--- DATASET EXCERPTS Enclosed Below ---

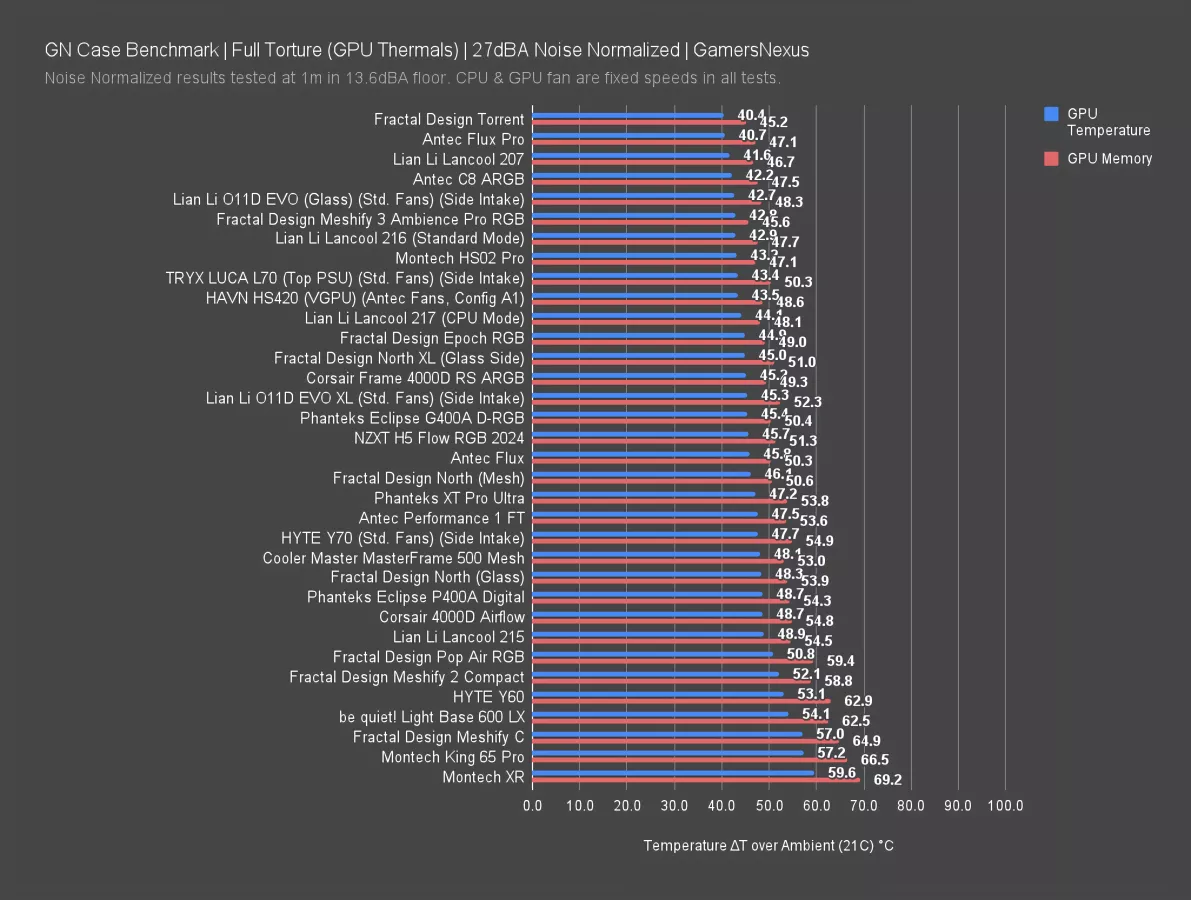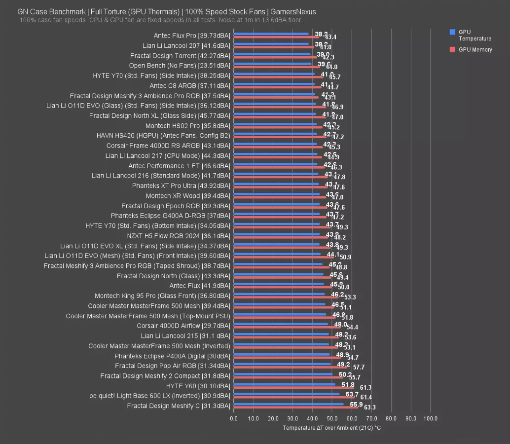 Moving to GPU thermals in the same test, the average GPU temperature in the MF 500 was 48 degrees Celsius above ambient and 53 degrees on the VRAM. That's behind the competition again, with the Frame 4000D RS averaging 45 degrees above ambient, the Meshify 3 averaging 43, the Flux Pro 41, and the Torrent 40. The MF500 is also beaten by the normal, cheaper Antec Flux.
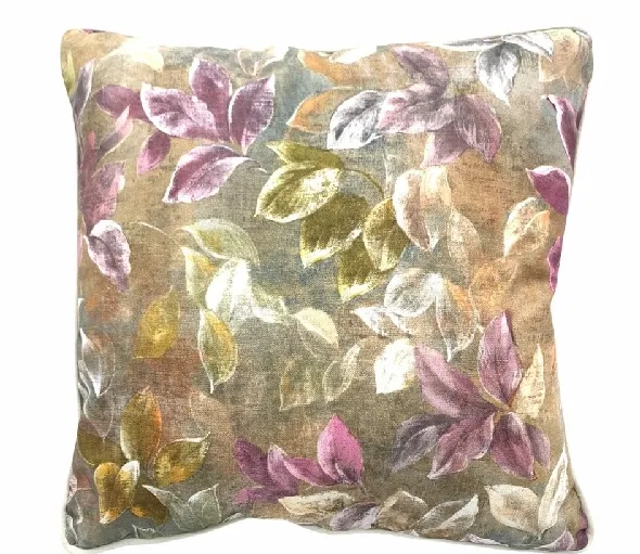 Realizados en tejido de suave terciopelo con un elegante estampado de flores en tonos azules y verdes. Composición 100% poliéster. Relleno 100%poliéster. Instrucciones de lavado: temperatura máxima 30º.No lejía ni secadora. Cierre de cremallera.
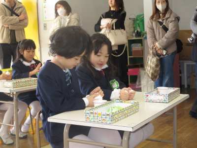 今日は、年長児の参観日が行われました。最後の参観日にちょっぴり緊張していた子どもたち。
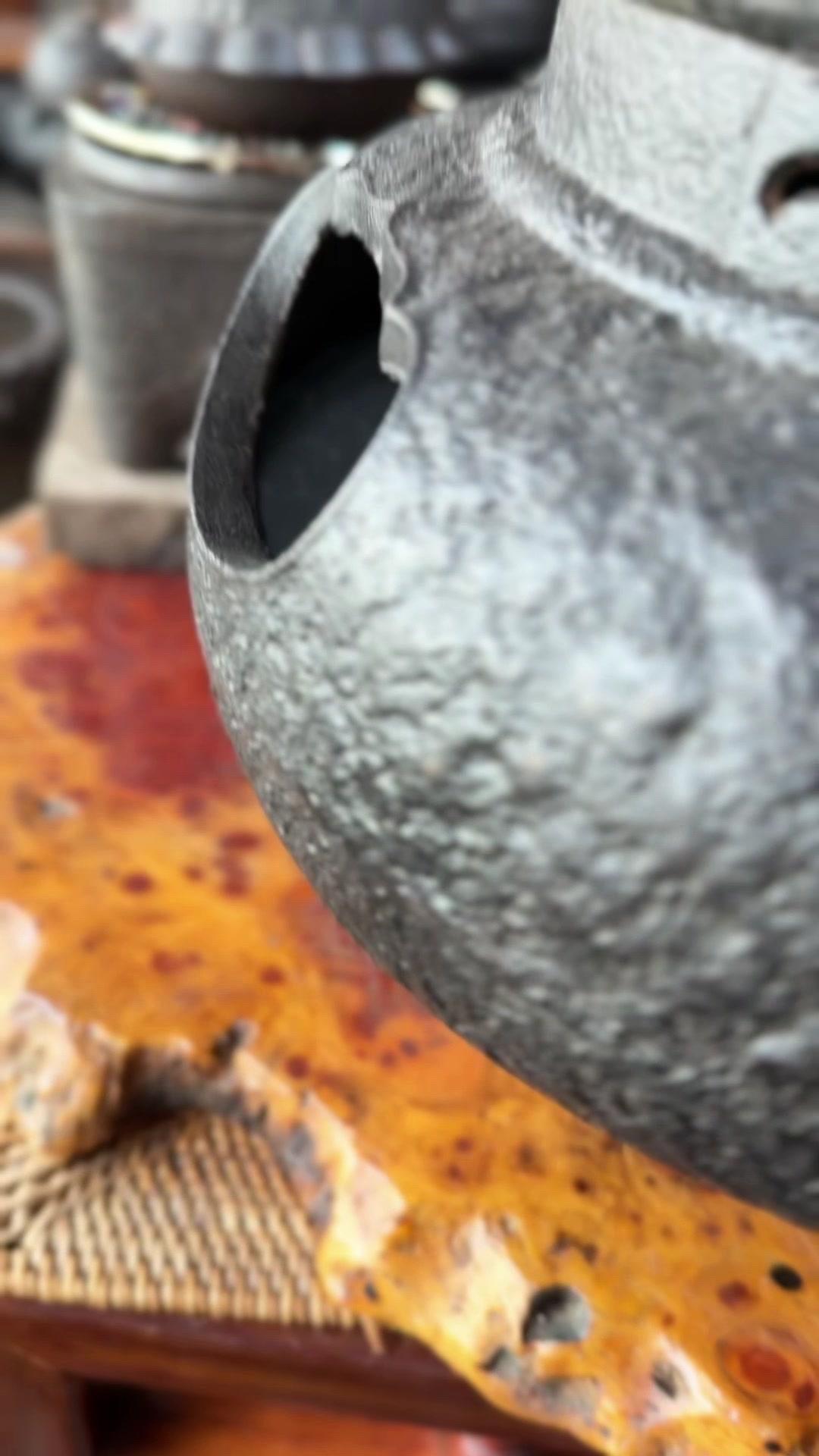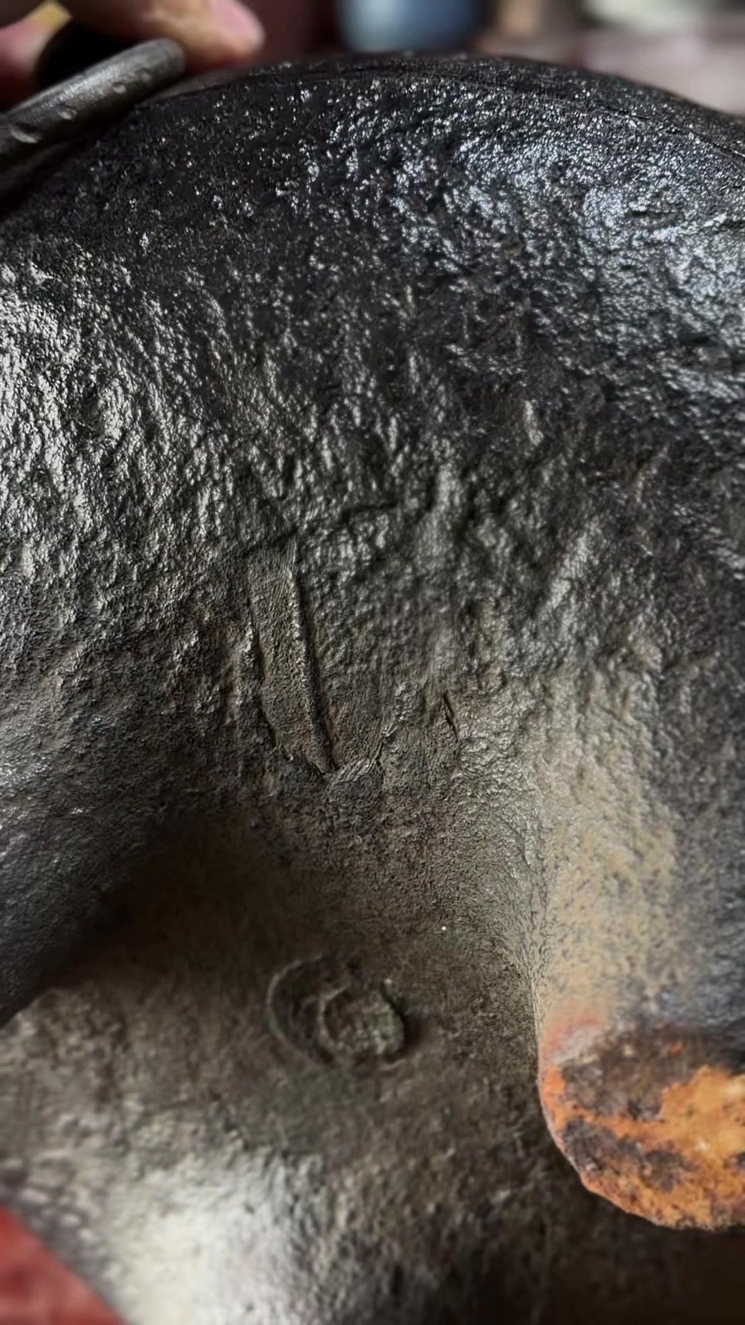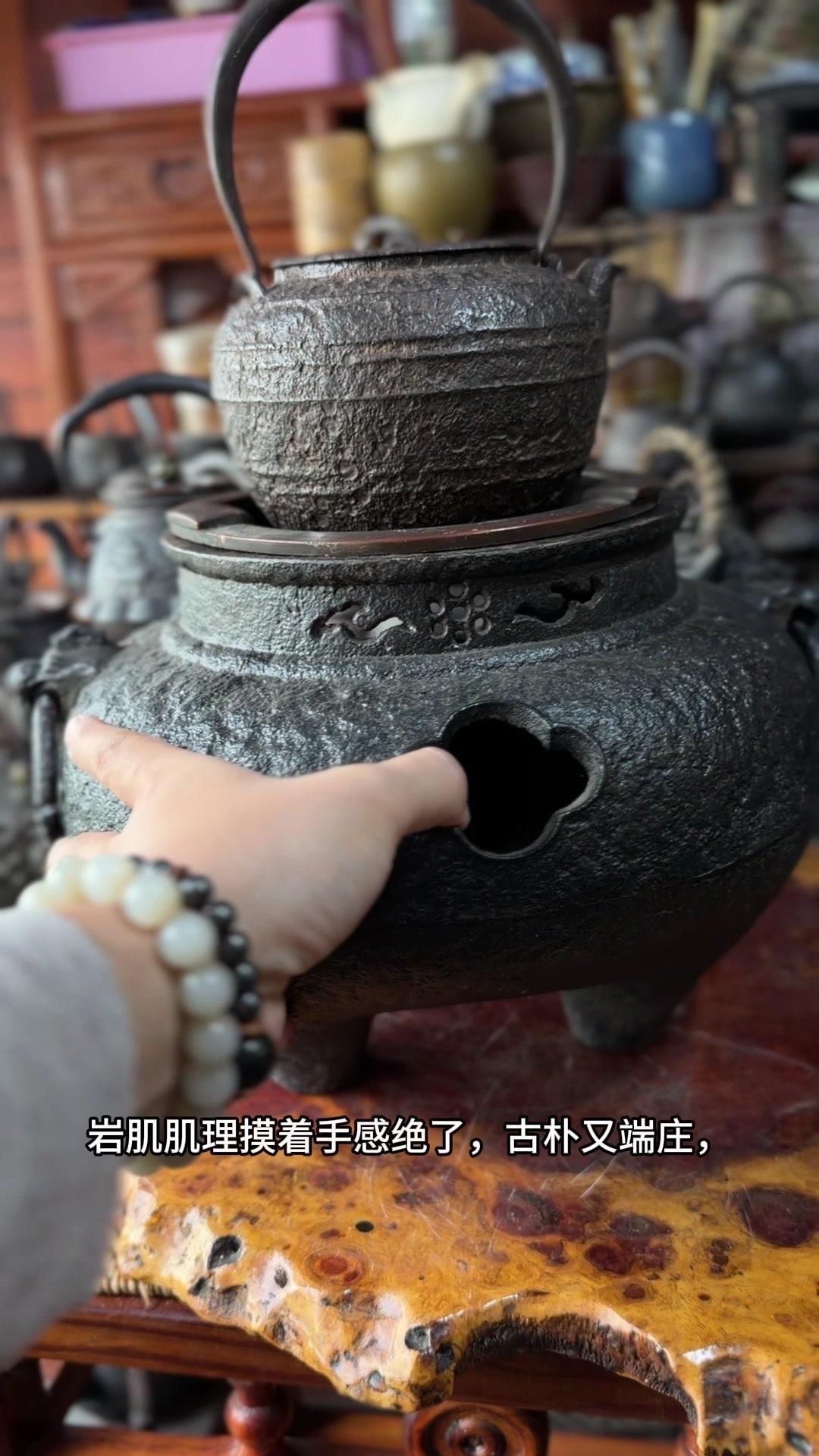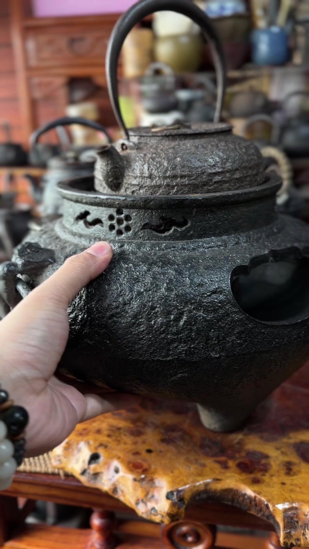 🖤昭和初期古铁鬼面风炉,真的一眼惊艳。口径20厘米,肚径26厘米,高21厘米,整器重5公斤左右,纯纯十斤沉。古铁材质铁性超棒,上手全是厚重质感,岩肌肌理摸着手感绝了,古朴又端庄。 🖤第一眼瞅着就像新石器时代的老陶罐,满是岁月的味道。一体成型的双耳孔洞超大气,鬼面刻画灵动又细腻,看着带点拙趣,越品越有味道。 🖤弱光下质感直接拉满,佗寂禅意拉满。高端茶室摆上瞬间提气场,适配野野田电炉用超合适,煮水煮茶氛围感直接拉满。百年老炉的底蕴,摆着用着都是排面。 懂茶懂器的朋友闭眼冲,这样的老物件真的很有收藏价值。
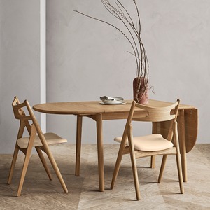 ダイニングテーブル CH002は、ハンス J. ウェグナーが1982年に発表したテーブルシリーズの一つ。都会の住空間に求めらるニーズにウェグナーが応えたテーブルです。両端の伸長板で限られた空間をフレキシブルに使用することが可能です。
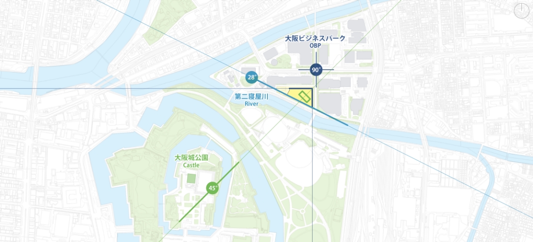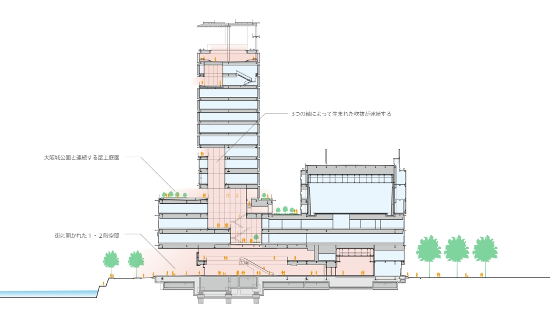 街に開かれたテレビ局を目指し、1・2階には来街者が自由に立ち寄れる屋外ピロティと円形ロビーを設けている。放送局機能は3階以上に配置し、低層部では街区と川が持つ2軸に合わせて最大平面を確保、高層部を街区から45度振れた軸上に配して大阪城に正対させた。低層部から高層部へ軸の切り替わる場所には屋上庭園を設けて、大阪城公園の広大な緑地と視覚的に繋げている。内部は、外周に必要諸室を配置して中央を吹き抜けとし、ガラス天井を介してエントランスロビーに繋げることで、コミュニケーションを誘発する新社屋の幹となることを意図した。
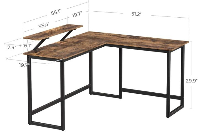 VASAGLE ALINRU Računalniška miza, L-oblikovana kotna miza z monitorjem

--- End of Enclosed DATASET EXCERPTS ---

PROMPT: Pictures do not go in the copy; print every entry exactly as it stands.

WRITTEN RESPONSE:
 Moving to GPU thermals in the same test, the average GPU temperature in the MF 500 was 48 degrees Celsius above ambient and 53 degrees on the VRAM. That's behind the competition again, with the Frame 4000D RS averaging 45 degrees above ambient, the Meshify 3 averaging 43, the Flux Pro 41, and the Torrent 40. The MF500 is also beaten by the normal, cheaper Antec Flux.
 Realizados en tejido de suave terciopelo con un elegante estampado de flores en tonos azules y verdes. Composición 100% poliéster. Relleno 100%poliéster. Instrucciones de lavado: temperatura máxima 30º.No lejía ni secadora. Cierre de cremallera.
 今日は、年長児の参観日が行われました。最後の参観日にちょっぴり緊張していた子どもたち。
 🖤昭和初期古铁鬼面风炉,真的一眼惊艳。口径20厘米,肚径26厘米,高21厘米,整器重5公斤左右,纯纯十斤沉。古铁材质铁性超棒,上手全是厚重质感,岩肌肌理摸着手感绝了,古朴又端庄。 🖤第一眼瞅着就像新石器时代的老陶罐,满是岁月的味道。一体成型的双耳孔洞超大气,鬼面刻画灵动又细腻,看着带点拙趣,越品越有味道。 🖤弱光下质感直接拉满,佗寂禅意拉满。高端茶室摆上瞬间提气场,适配野野田电炉用超合适,煮水煮茶氛围感直接拉满。百年老炉的底蕴,摆着用着都是排面。 懂茶懂器的朋友闭眼冲,这样的老物件真的很有收藏价值。
 ダイニングテーブル CH002は、ハンス J. ウェグナーが1982年に発表したテーブルシリーズの一つ。都会の住空間に求めらるニーズにウェグナーが応えたテーブルです。両端の伸長板で限られた空間をフレキシブルに使用することが可能です。
 街に開かれたテレビ局を目指し、1・2階には来街者が自由に立ち寄れる屋外ピロティと円形ロビーを設けている。放送局機能は3階以上に配置し、低層部では街区と川が持つ2軸に合わせて最大平面を確保、高層部を街区から45度振れた軸上に配して大阪城に正対させた。低層部から高層部へ軸の切り替わる場所には屋上庭園を設けて、大阪城公園の広大な緑地と視覚的に繋げている。内部は、外周に必要諸室を配置して中央を吹き抜けとし、ガラス天井を介してエントランスロビーに繋げることで、コミュニケーションを誘発する新社屋の幹となることを意図した。
 VASAGLE ALINRU Računalniška miza, L-oblikovana kotna miza z monitorjem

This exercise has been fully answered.